- _Entries supplied_:
*-*-*

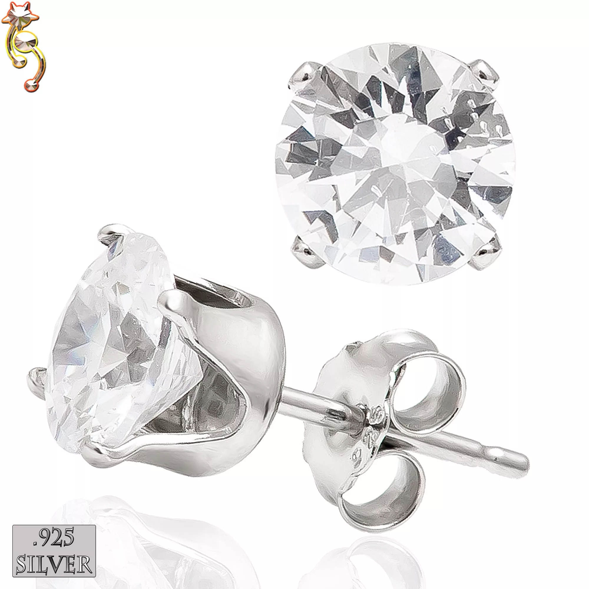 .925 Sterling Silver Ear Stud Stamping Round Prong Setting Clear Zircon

*-*-*

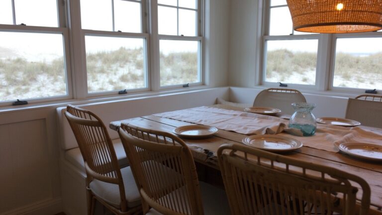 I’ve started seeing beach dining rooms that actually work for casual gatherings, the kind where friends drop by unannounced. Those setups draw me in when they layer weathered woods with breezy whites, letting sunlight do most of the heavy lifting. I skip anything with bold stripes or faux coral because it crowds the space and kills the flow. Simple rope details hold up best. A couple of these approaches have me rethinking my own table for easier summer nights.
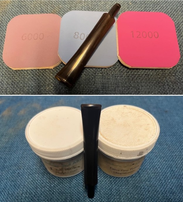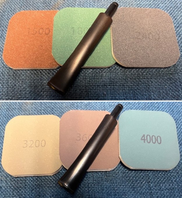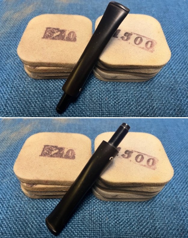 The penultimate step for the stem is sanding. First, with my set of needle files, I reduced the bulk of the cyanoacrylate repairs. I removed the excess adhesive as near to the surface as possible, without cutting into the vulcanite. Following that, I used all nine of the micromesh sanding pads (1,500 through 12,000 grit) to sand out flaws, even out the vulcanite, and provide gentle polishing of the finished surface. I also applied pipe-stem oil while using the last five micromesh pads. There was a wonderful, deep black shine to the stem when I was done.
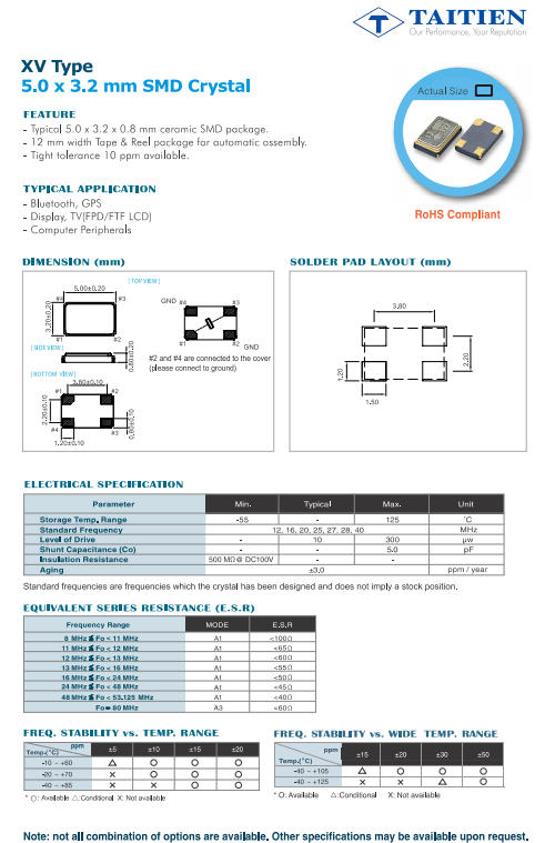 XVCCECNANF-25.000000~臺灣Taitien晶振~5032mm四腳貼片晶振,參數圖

*-*-*

- _Exercise description_:
Look above for the line with "The penultimate step" and the line with "XVCCECNANF-25.", then copy exactly the lines from the first through the second, both kept, with no pictures.

- _Final answer_:
 The penultimate step for the stem is sanding. First, with my set of needle files, I reduced the bulk of the cyanoacrylate repairs. I removed the excess adhesive as near to the surface as possible, without cutting into the vulcanite. Following that, I used all nine of the micromesh sanding pads (1,500 through 12,000 grit) to sand out flaws, even out the vulcanite, and provide gentle polishing of the finished surface. I also applied pipe-stem oil while using the last five micromesh pads. There was a wonderful, deep black shine to the stem when I was done.
 XVCCECNANF-25.000000~臺灣Taitien晶振~5032mm四腳貼片晶振,參數圖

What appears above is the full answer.